## Exercise brief
Using the data below, print exactly the line with "Ele foi para", the line with "One of the biggest", and every line between them, but none of the pictures.

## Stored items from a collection
○ ○ ○ ○ ○ ○ ○

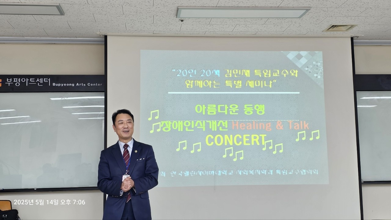 이번 행사는 단순한 강의를 넘어, 지역사회와 재학생이 함께하는 실천적 배움의 장으로 기획되어 큰 호응을 얻었다. 특히 ‘20인20색’이라는 주제 아래 열린 이번 특강은 김민재 특임교수와 함께하는 특별 세미나로, 장애인식개선을 주제로 한 Healing & Talk Concert 형식으로 진행돼 참가자들의 깊은 공감을 이끌어 냈다.
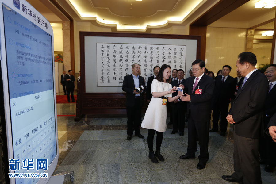 Ele foi para o centro da mídia criado pela Agência de Notícias Xinhua no Grande Palácio do Povo e apertou as m?os de funcionários da Xinhua e observou a cobertura que fizeram do evento usando plataformas tradicionais e de nova mídia.
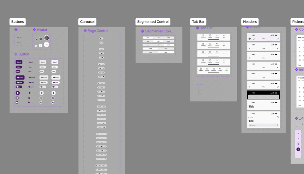 One of the biggest issues with the previous design system was its color system. The mappings were not set up in a way as to where the colors could logically scale across all components, so Devs ended up hard coding colors in ways that varied from component to component. With the new system I created mappings for both light and dark modes using Figma tokens. We created one color palette that could be shared between iOS & Web, and a second for Android with mappings specific to Material 3.
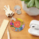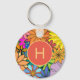 Colourful Bright Flower Power Monogram Key Ring
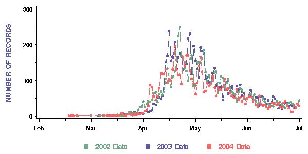 - The number of Swallow records increased while Swallows arrived, but after the main arrival period, the number of records decreased - likely because birdwatchers reduce their recording effort of a species once it has 'arrived'.
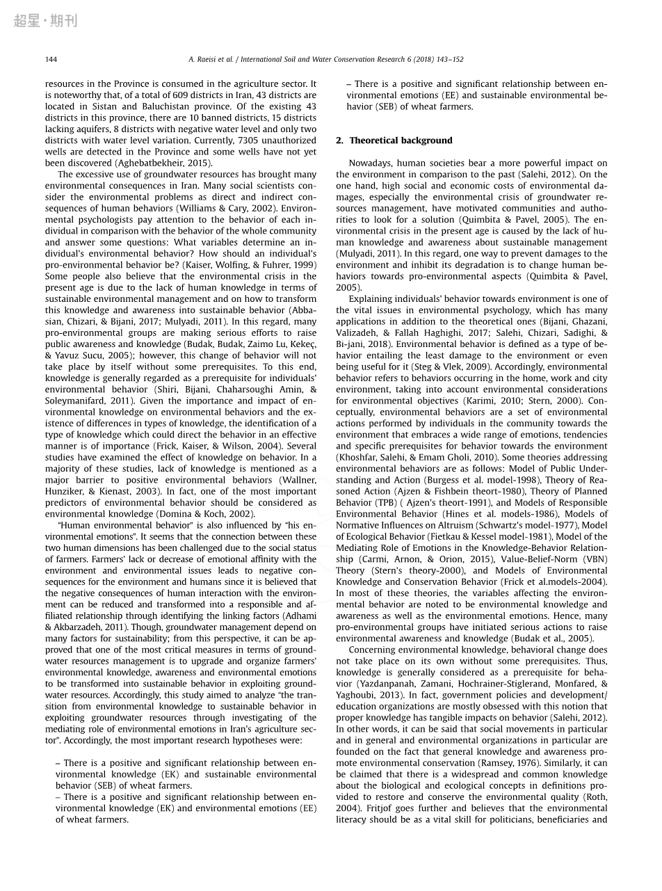 水是人类社会所需的最重要的自然资源之一, 节约用水已成为本世纪的主要关切之一 (Mirzaei、Knierim、Fealy Nahavand、amp; Mahmoudi, 2017;Samian, Mahdei, Saadi, amp; Mova-hedi, 2015;Yazdanpanah, Feyzabad, Forouzani, Mohammadzadeh, amp; Burton, 2015年)。地下水一直是世界上数百万人唯一的水资源, 地下水管理对人类健康、工业、农业和环境产生重大影响 (Jousma 等人, 1987年)。在许多情况下, 过度使用这些资源以及无计划或未经授权地利用这些资源导致过度开采, 从而降低了许多地区的地下水位 (Azizi, 2003年)。在伊朗, 农业部门消耗的地下水占地下水的最大部分;然而, 农业部门的缺水现象十分明显, 该部门必须有效和最佳地利用水资源或可持续管理 (Rezadoost amp; Allahyari, 2014年)。一些专家认为, 现在伊朗水资源管理采用了不适当的管理战略, 这导致近年来地下水资源减少, 一些地区的农田减少 (Bijani amp; Hayati, 2015;瓦里扎德, Bijani amp; Abbasi, 2018年)。伊朗灌溉效率低是最常见的水污染源之一 (Vrba amp; van der Gun, 2004年)。在伊朗, 地下水位每年下降高达80厘米 (Mortazavi, Soleimani, amp; Ghafari, 2011年), 伊朗的冲积含水层在一些地区每年减少8米 (Gholami-me打马迪, 2010a)。 锡斯坦和俾路支斯坦省 (SBP) 作为伊朗第二大省, 气候温暖干燥, 年平均降雨量为103毫米 (伊朗年平均降雨量约为250毫米)。由于 SBP 缺乏或缺乏永久和季节性河流, 地下水资源得到了更多的开发。一方面, 地下水的很大一部分.
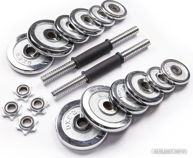 | Комплектация | - 2 грифа диаметром 26 мм, длиной 35 см (длина резьбы 11 см с каждой стороны) и весом 1,35 кг - 4 зажима, которые обеспечивают точные нагрузки давления - 4 диска х 0,5 кг (диаметр 9,5 см, ширина 1,4 см) - 4 диска х 1,25 кг (диаметр 11 см, ширина 1,8 см) - 4 диска х 2,5 кг (диаметр 15 см, ширина2,2 см) |
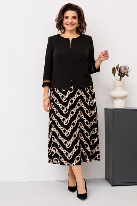 Костюм предназначен для повседневной носки. Костюм женский 2-х предметный блузон и юбка. Блузон полуприлегающего силуэта, длиной до линии бёдер. Перед с 2-мя отрезными бочками, со средним швом, заканчивающимся разрезом. Спинка со средним швом. Горловина круглая, обточная, без воротника. Застёжка на втачную металлическую молнию в среднем шве переда. Рукав втачной, 2-х шовный, длиной 3/4, внизу с горизонтальным подрезом, отделочной вставкой из еврофатина. Блузон с плечевыми накладками. Юбка длиной до нижней части икры расклешённая к низу из отделочнойткани. Переднее и заднее полотнища цельнокроенные. Юбка с притачным поясом, собранным на эластичную тесьму. Юбка без подкладки. К костюму прилагается обтачной пояс, фиксирующийся на обтяжную пряжку и 5-ть пробивных блочек. Длина спинки блузона 54,5 см, длина рукава 42 см. Длина юбки по боковому срезу 81 см.
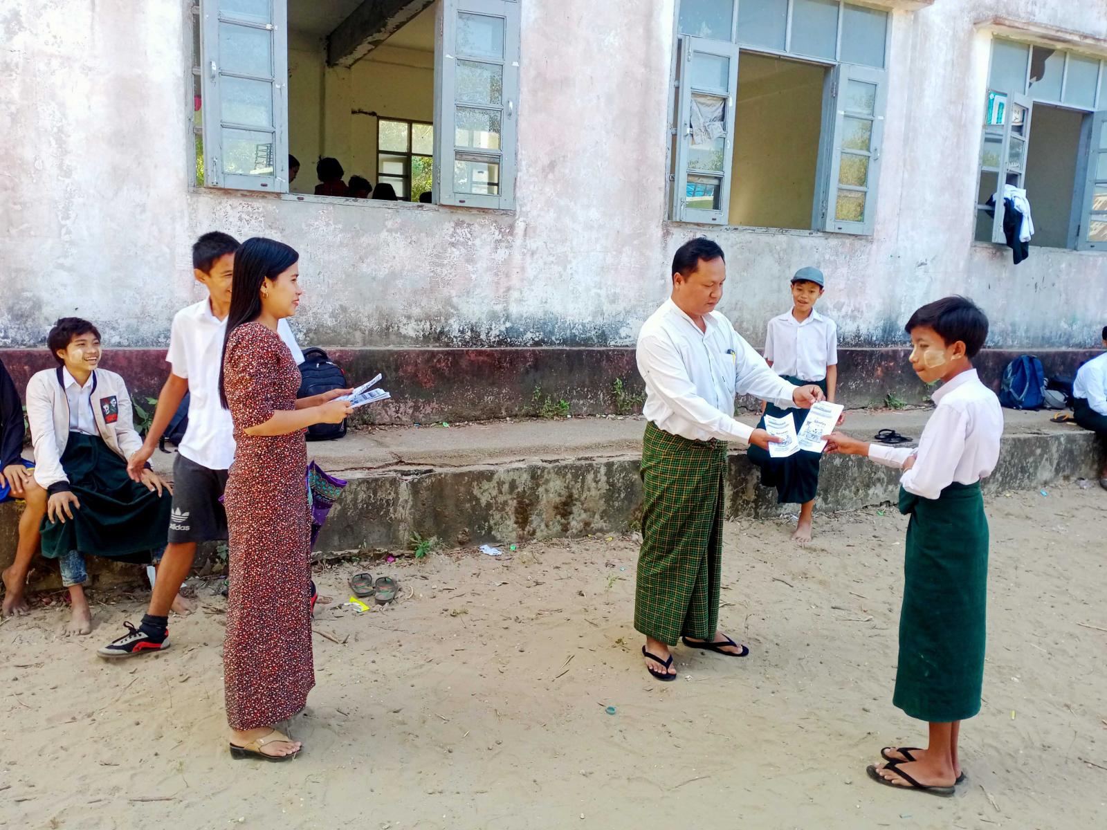 ရခိုင်ပြည်နယ်၊ ကျောက်ဖြူမြို့၌ ၂၀၂၄ ခုနှစ်၊ ဖေဖော်ဝါရီလ (၁၂)ရက်နေ့တွင် ကျရောက်မည့် (၇၇)နှစ်မြောက် ပြည်ထောင်စုနေ့ အထိမ်းအမှတ် အသိပညာပေး သတင်းစကားလက်ကမ်း စာစောင်များကို ယနေ့နံနက်ပိုင်းက ပြန်ကြားရေးနှင့်ပြည်သူ့ဆက်ဆံရေးဦးစီးဌာန ရုံးဝန်ထမ်းများက အခြေခံပညာကျောင်းများသို့သွားရောက်၍ အခမဲ့ဖြန့်ဝေပေးခဲ့သည်။
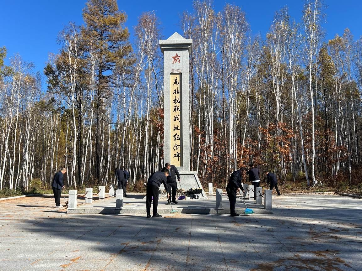 9時40分,全體參與人員乘車前往革命烈士紀(jì)念碑墓地,開啟致敬英烈活動。活動現(xiàn)場,全體人員手持清掃工具,認(rèn)真清理紀(jì)念碑周圍的落葉與雜草,以實際行動表達(dá)對革命先烈的緬懷與敬意。
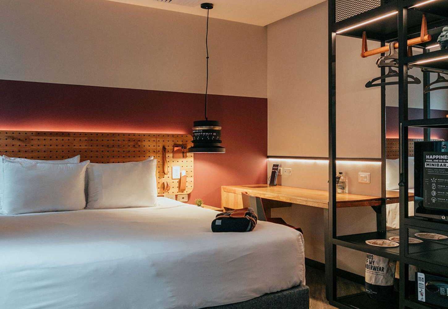 Despite the industrial feel there are plenty of plants and trees within the main courtyard, and continued into the main lobby creating outdoor, indoor atmosphere. The hotel boasts 5 exclusive restaurants: Egeo serving Greek food, Mekong for fans of Thai, Big Bao for takeaway and Click Clack Kitchen, a responsible and healthy cuisine option. There’s also a gym and access to wellness treatments.
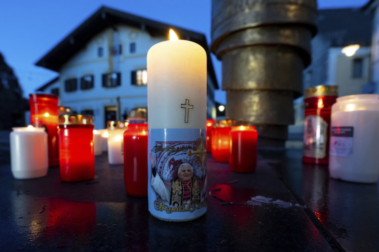 Sviečky pred rodným domom emeritného pápeža Benedikta XVI. v Marktli v Nemecku. Foto: SITA/AP
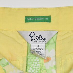 Lilly Pulitzer Palm Beach Fit Shorts. Size 0. Green, yellow, and orange floral and butterfly print. Hook and zip fly. Front and back pockets.

○ ○ ○ ○ ○ ○ ○

## Result of this exercise
 Ele foi para o centro da mídia criado pela Agência de Notícias Xinhua no Grande Palácio do Povo e apertou as m?os de funcionários da Xinhua e observou a cobertura que fizeram do evento usando plataformas tradicionais e de nova mídia.
 One of the biggest issues with the previous design system was its color system. The mappings were not set up in a way as to where the colors could logically scale across all components, so Devs ended up hard coding colors in ways that varied from component to component. With the new system I created mappings for both light and dark modes using Figma tokens. We created one color palette that could be shared between iOS & Web, and a second for Android with mappings specific to Material 3.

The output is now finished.